Miçilo.—Pues ¿cómo la tengo de pedir?
Gallo.—Desta manera: mejorando primero la vida, y despues dezid á Dios: Señor, suplicos yo que resplandezca en mi vuestra gloria. Porque en el bueno resplandeçe la gloria de Dios; y siendolo vos darse os ha; y pues en los bienes eternos ay que saber cómo se han de pedir, quánto más en los medios, que son los bienes temporales. Que no ansi atreguadamente los aueis de pedir para que se rian[757] de vos, sino con medida, si cumplen como medios para vuestra saluaçion. ¿Que sabeis si os saluareis mejor con riqueza que con pobreza? ¿O mejor con salud que con enfermedad?
Miçilo.—Pues dime, gallo, pues es ansi[758] como tú dices, que ninguna cosa, ni petiçion va a los santos sino por via de Dios, y él se la representa a ellos, ¿porqué dize la iglesia en la letania: Sancte Petre, ora pro nobis? Sancte Paule, ora pro nobis? Porque si yo deseasse mucho alcançar vna merçed de vn señor, superflua cosa me pareçeria escreuir a vn su criado vna carta para que me fuesse buen terçero, si supiesse yo çierto que la carta auia de yr primero a las manos del señor que de su pribado. Porque me ponia a peligro, que no teniendo gana el señor de me la otorgar rasgasse la carta, y se me dexasse de hazer la merçed por solo no auer interçesor.

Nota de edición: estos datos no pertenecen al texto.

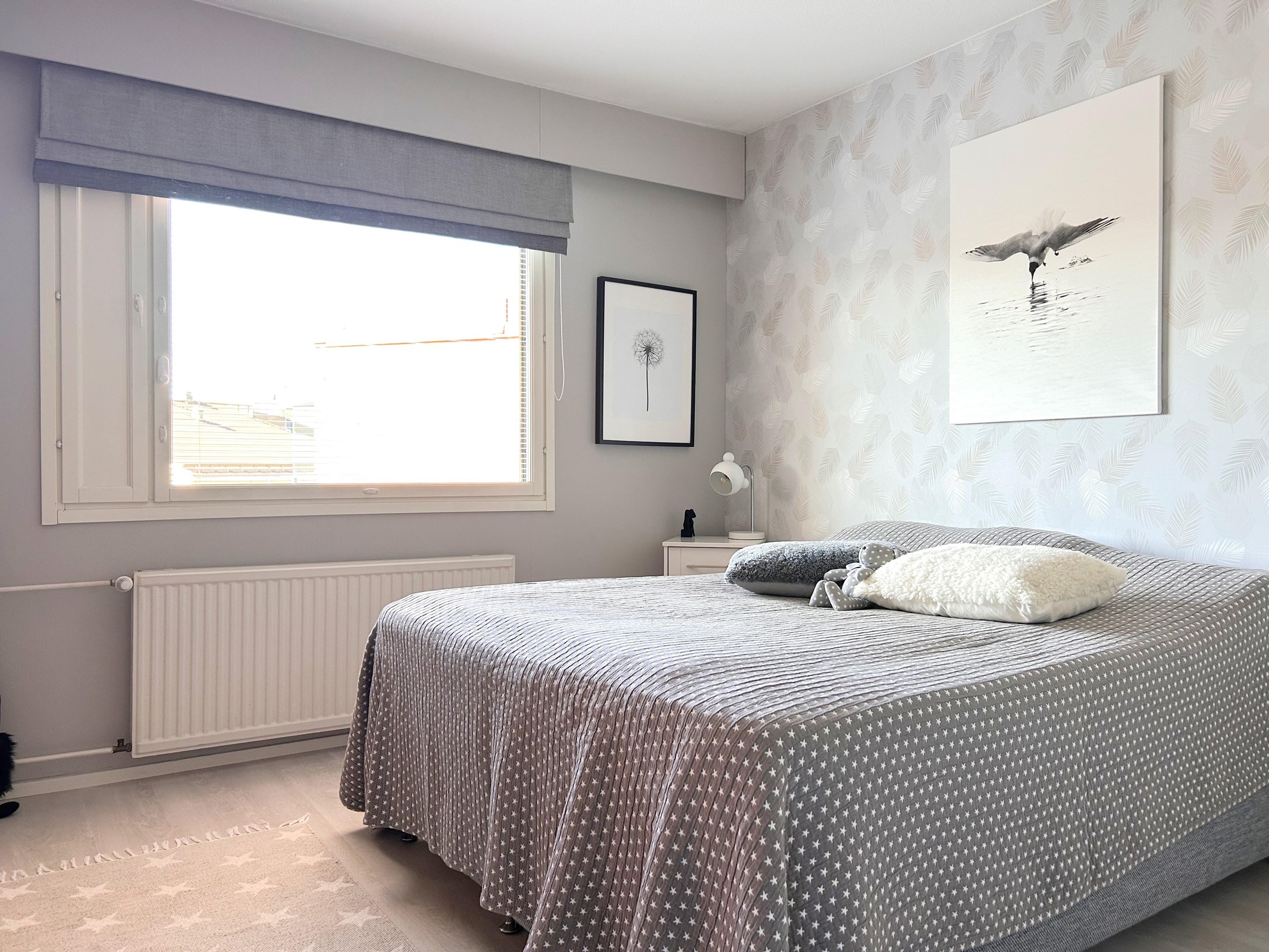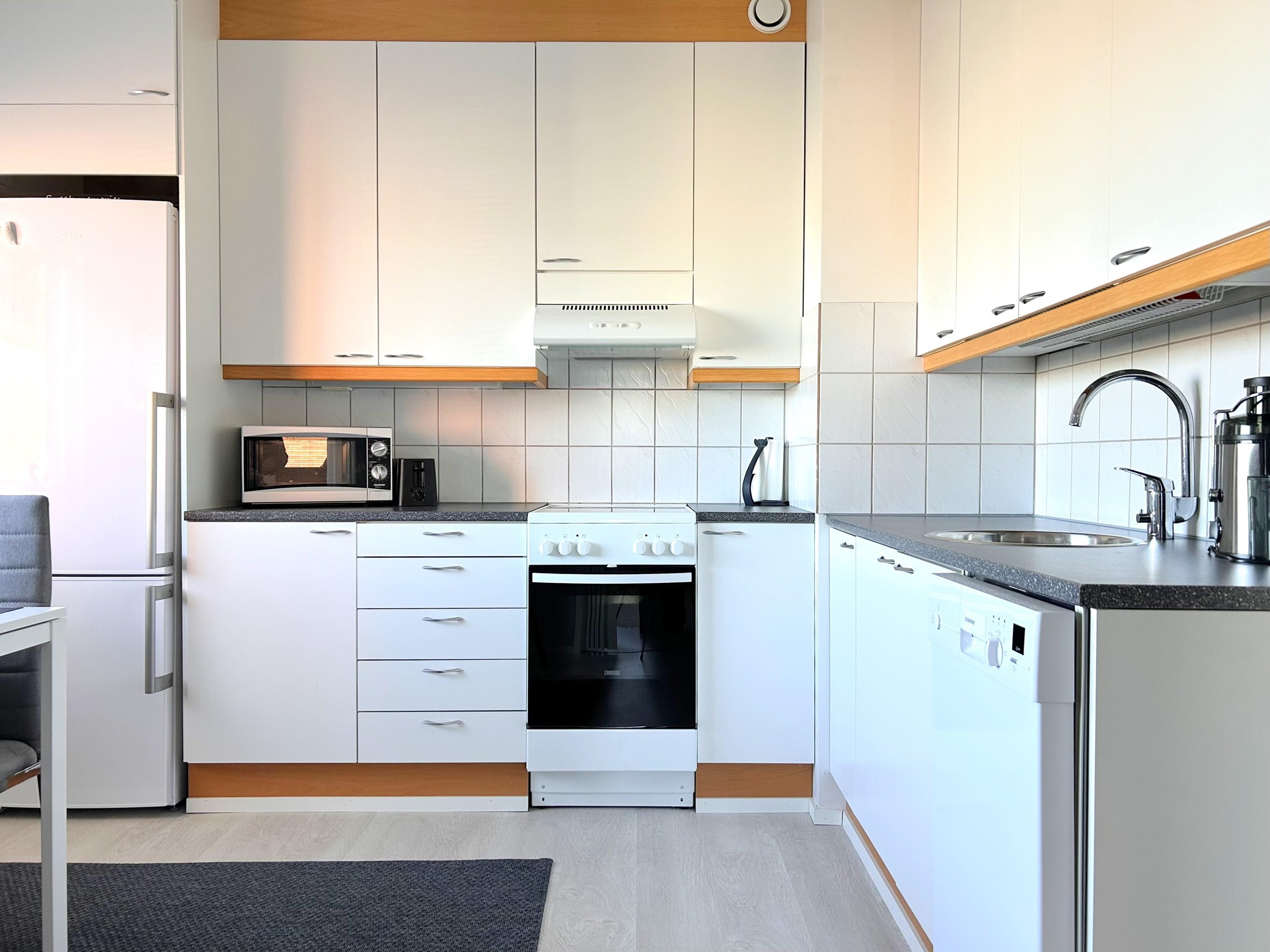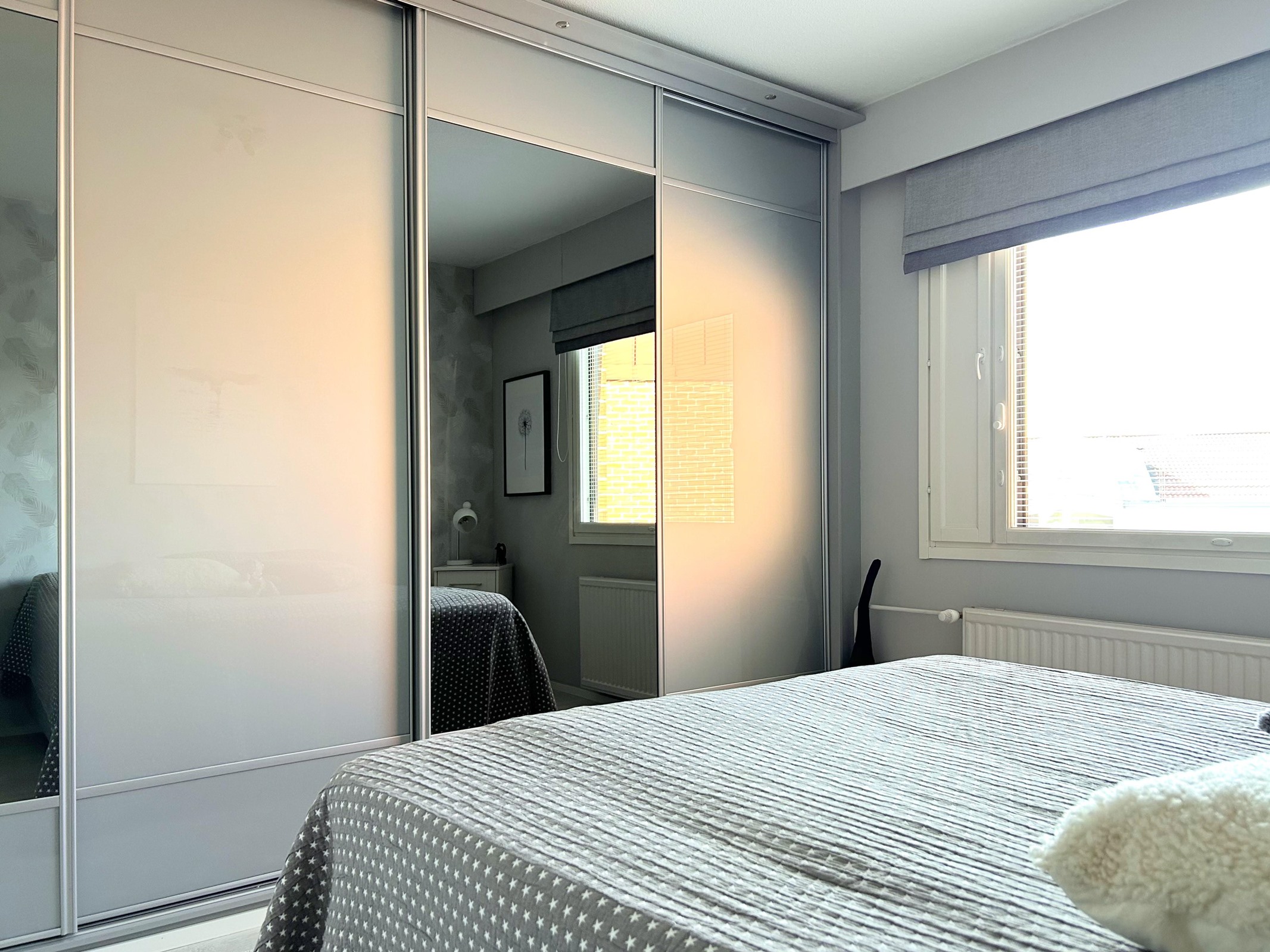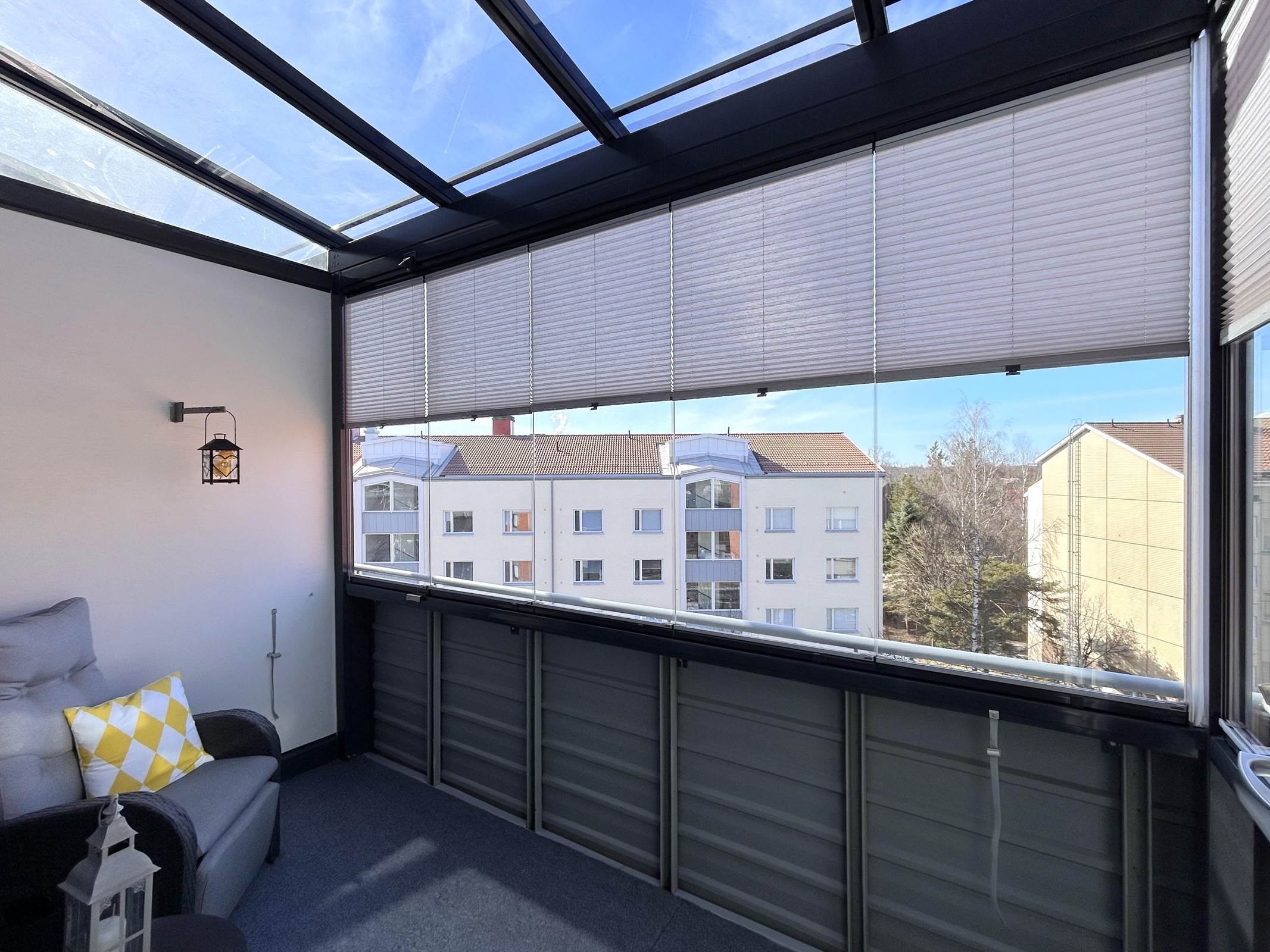 Toimiva pohjaratkaisu. Toimiva keittiö, tilava makuuhuone hyvillä säilytystiloilla ja siisti kylpyhuone tekevät arjesta sujuvaa. Olohuoneessa kiva tehosteseinä ja keittiössä Puustellin valkoiset kaapistot. Upea lasitettu parveke tarjoaa viihtyisän oleskelupaikan pitkälle syksyyn.

Gallo.—Pues mira que esta ventaja tiene este prinçipe çelestial a todos los de la tierra, que por solo ver que hazeis tanto caudal de su criado y pribado y os estimais por indignos de hablar con su magestad, tiene por bien otorgar la petiçion, avn muchas vezes reteniendo la carta en sí. Porque a Dios bastale entender de vos que soys deuoto y amigo de su santo que ama él, y ansi por veros a vos deuoto de su santo[759] os otorga la merçed; y poco va que comunique con el santo que os la otorgó por amor dél, o por sola su voluntad.
Miçilo.—Por çierto, gallo, mucho me has satisfecho a muchas cosas que deseaua saber hasta aqui, y avn me queda mucho mas. Deseo agora saber el asiento y orden que los ángeles y bienauenturados tienen en el çielo, y en qué se conoce entre ellos la ventaja de su bienauenturança. Ruegote mucho que no reuses ni huyas de conplazer a mi, que tan ofreçido y obligado me tienes a tu amistad. Pues de oy más no señor, sino amigo y compañero, y aun disçipulo me puedes llamar.
Gallo.—No deseo, Miçilo, cosa más que auerte de conplacer; pero pues el dia es venido quedese lo que me pides para el canto que se seguirá[760].
Fin del trezeno[761] canto del gallo de Luçiano.